What is expected
The complete listing goes into the output exactly, without its pictures.

Dataset section

Content starts

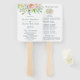 Éventails de mariage élégants avec programme floral et une bordure supérieure de verdure et de fleurs aquarelles en rose, pêche, lavande, blanc et bleu. Ces éventails de mariage fourniront à vos invités l'ordre du service et sont parfaits pour un mariage de printemps.
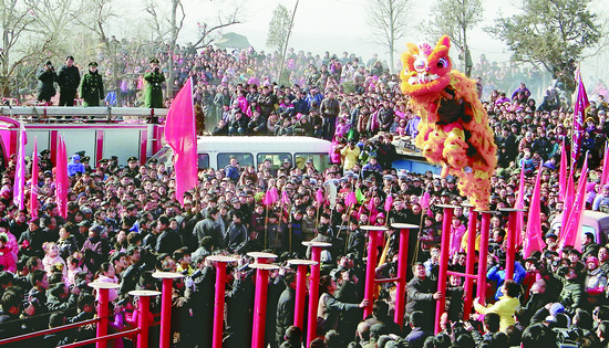 社火大賽上的舞獅表演
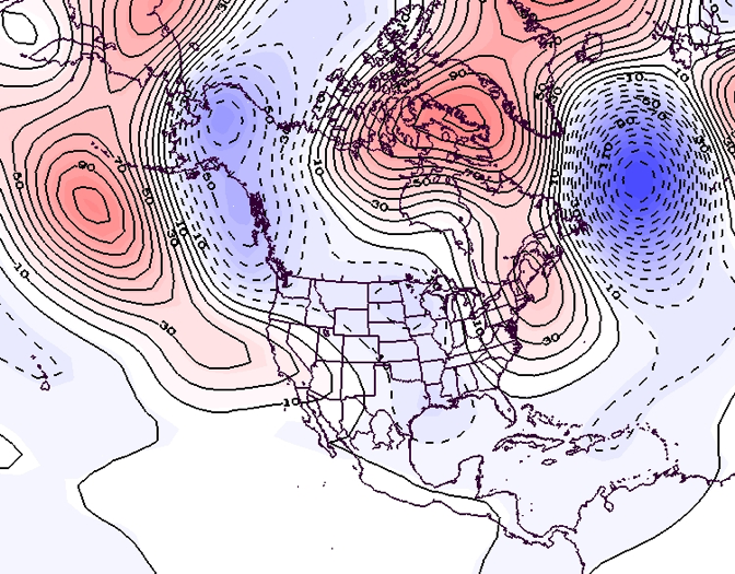 - Figure 7. 500 hPa geopotential height anomalies for April 2023. Negative (blue) anomalies indicate the presence of an anomalous jet stream trough while positive (red) height anomalies indicate the presence of an anomalous jet stream ridge.

Content ends

Reply to the task
 Éventails de mariage élégants avec programme floral et une bordure supérieure de verdure et de fleurs aquarelles en rose, pêche, lavande, blanc et bleu. Ces éventails de mariage fourniront à vos invités l'ordre du service et sont parfaits pour un mariage de printemps.
 社火大賽上的舞獅表演
 - Figure 7. 500 hPa geopotential height anomalies for April 2023. Negative (blue) anomalies indicate the presence of an anomalous jet stream trough while positive (red) height anomalies indicate the presence of an anomalous jet stream ridge.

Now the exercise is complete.